James May is a man on a mission.

Tired of seeing men portrayed as bumbling and useless, and fearful that mankind is losing the skills that made it so great in the first place, the Top Gear host takes on several varied tasks each episode, demonstrating everything from simple but useful skills to creative solutions for everyday problems to just plain odd ideas. Creating with hand tools, social skills, and eccentric inventions are all tackled with equal enthusiasm and occasional confusion. Sometimes, there is great triumph, while other times there is the indignity of defeat. Often, there is hilarity, and there's even the chance you might actually learn something.

The show debuted in October 2010 and has had three short series, plus a Christmas Episode.


This show provides examples of:

  • Abnormal Ammo: In order to ensure those in the back row at Abingdon receive buns, Simmy comes up with not one but three bun-firing devices: the Hot-Crossbow, the Bun-Derbuss, and the Machine Bun.
  • Artifact Title: Man Lab was originally the working title for the show, but somehow stuck. James has lamented this in interviews and on his Twitter, believing it too male-centric and a poor reflection of the actual premise. He often mentions a better title would be something along the lines of James May's Wednesday Afternoons After School.
  • Ascended Extra: The people who appear on the show who are not James May or established experts are usually members of the Man Lab crew who seem to have been roped into appearing on the show. Most prominent are producer Will, director Tom, and researchers Charlie, Cassandra, and Rory, though there are many others.
  • Ashes to Crashes: Averted; the space pet funeral goes as planned, and Tommy and Budgie Number 35's ashes are released into space.
  • Awesome, but Impractical: The Man Lab Junk Mail sorter, which consists of special vacuum that sorts the junk mail from the wanted mail, loads them both into different cars of a toy train that then travels through the Man Lab, dropping the junk mail into a shredder on the way, and heads over to a funicular platform that takes the train (and mail) up to James' office. After James proudly asks what could be simpler, someone promptly drops a "No Junk Mail, Please" sign on his desk.
  • Bad Date: Charlie and Cassandra's date seems to be going well until Cassandra reveals she already has a boyfriend.
  • Bat Scare: It's only one, but still scares the crap out of James and Tom when it flies behind them at the castle and sends them running back into the safe room.
  • Blatant Burglar: James harnesses the power of this trope, complete with stripey shirt, to sneak around town and test out the cat-cams. He actually wants to be obvious, so people don't mistake him for a real burglar and "beat him to death with pick-axe handles."
  • Bread, Eggs, Milk, Squick: James's speculation on what might been cooked in the kitchen of the haunted castle:
    "Spam fritters...poor quality sausages...bits of children..."
  • British Brevity: Series one had three episodes.
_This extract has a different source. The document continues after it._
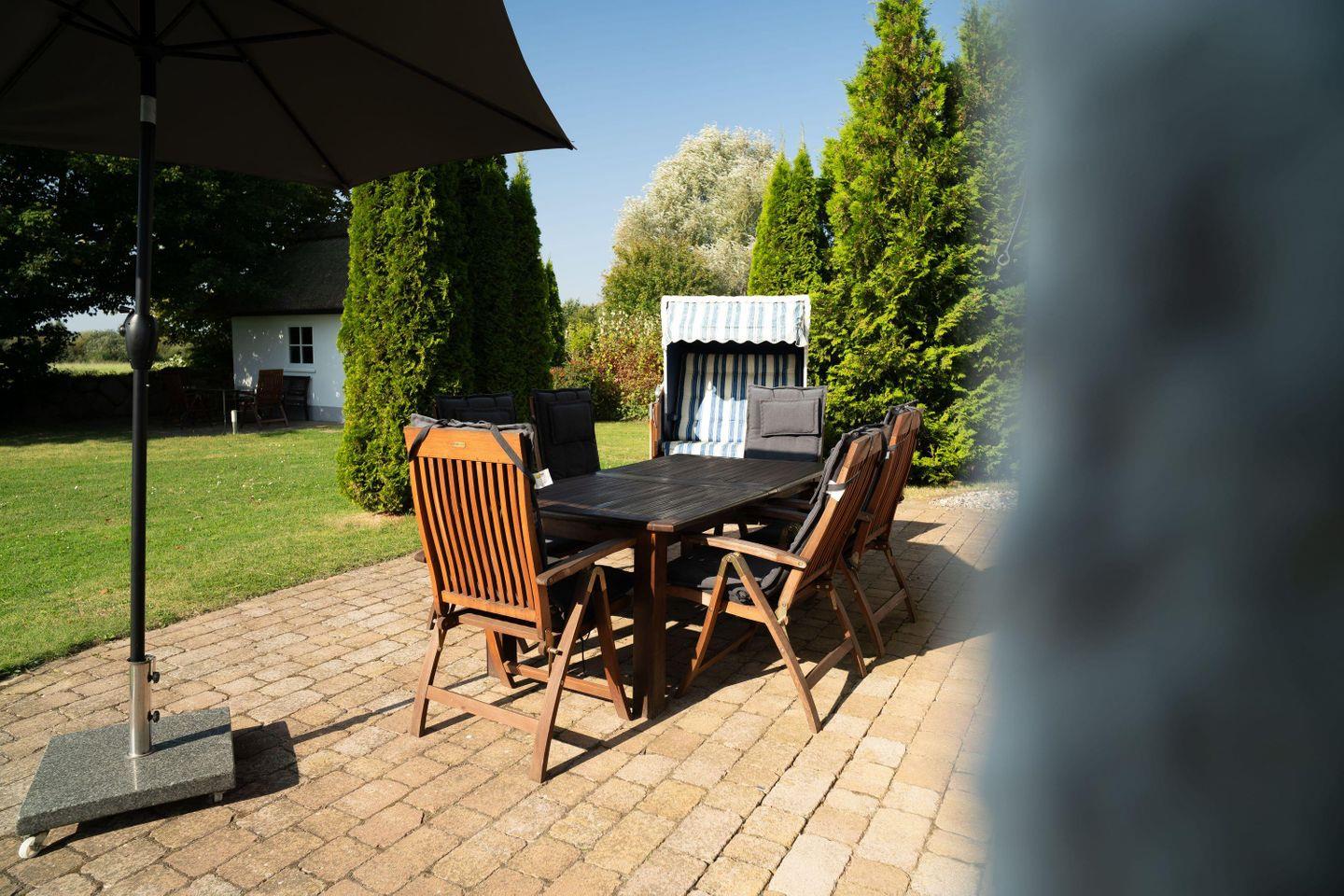 Über einen Ausgang im Wohnzimmer gelangen Sie zum Außenbereich des Hauses. Der

Series two and three each have five.
  • Brits Love Tea: Mugs of it are frequently consumed, but taken to an extreme during the creation of the cold cup alarm. James and the crew break for an argument over how to make a proper cup of tea, including what to make the tea in and when to add the milk. The argument carries on so long the cameraman puts down his camera and walks away in frustration. Tea is Serious Business in the Man Lab.
  • Butt-Monkey: Researcher Rory, who is often conned into the dirty jobs and is used in social experiments where he usually manages to embarrass himself at some point.
  • Catchphrase: Once an Episode James will say "We could easily go out and buy [X], but where's the skill in that?"
  • Chained Heat: James and Oz are handcuffed to each other at the beginning of their escape from Dartmoor Prison.
  • Creative Closing Credits: Since series two each episode with a unusual musical instrument, or group, playing the theme tune as the credits scroll over them.
  • Date Peepers: James and Tom act as a welcome version, and communicate with Charlie via earpiece to give him advice.
  • Deadpan Snarker: James May, master at work.
  • Double Vision: James manages to hold conversations with himself on two separate occasions at the Man Lab bar via a split screen-type effect. In the first he complains to himself about the state of British cinema, and in the second he chides himself on the apparently abrupt ending of the prison break/orienteering segment. In the second segment, via a cutaway, he even manages to give himself a drink.
  • Drill Sergeant Nasty: Employed to keep Oz on task while cooking Christmas dinner.
  • Duel to the Death: James and Will, over a parking space at work. The first time results in the death of an errant soundman. In the second, Will wins the fight.
  • "Do It Yourself" Theme Tune: Written by Dr James May, BMus.
  • Don't Try This at Home: During The Deer Hunter segment, James warns viewers not to try what they're doing at home, or in a pound shop mockup of Vietnam.
  • Dreaming of a White Christmas: Several segments in the Christmas episode address trying to create this, as James has never seen one in his lifetime. In the end they manage to make a tiny quantity of real snow which they launch via leaf blower. After this, they resort using to fake snow.
  • Early-Bird Cameo: Simmy and Charlie can occasionally be seen in May's earlier show Toy Stories.
  • Early-Installment Weirdness: The first series had Celebrity Man Task, in which a celebrity was charged with showing off a useful skill in a limited frame of time. This was done away with the second series, replaced with the Viewers' Letters segment.
  • Edutainment Show: Or as James often calls it, a "fact-based entertainment programme."
  • Every Device Is a Swiss-Army Knife: The Swiss Army Bike, which is a normal bike that has a squeegee for cleaning windows, a grindstone, a drill, a sprayer for creosote, and a blender. In the Christmas special, it also powers the record player.
  • Face Your Fears: The point of the ghost hunting segment. No ghosts are found, but James and Tom do successfully spend a night in the castle.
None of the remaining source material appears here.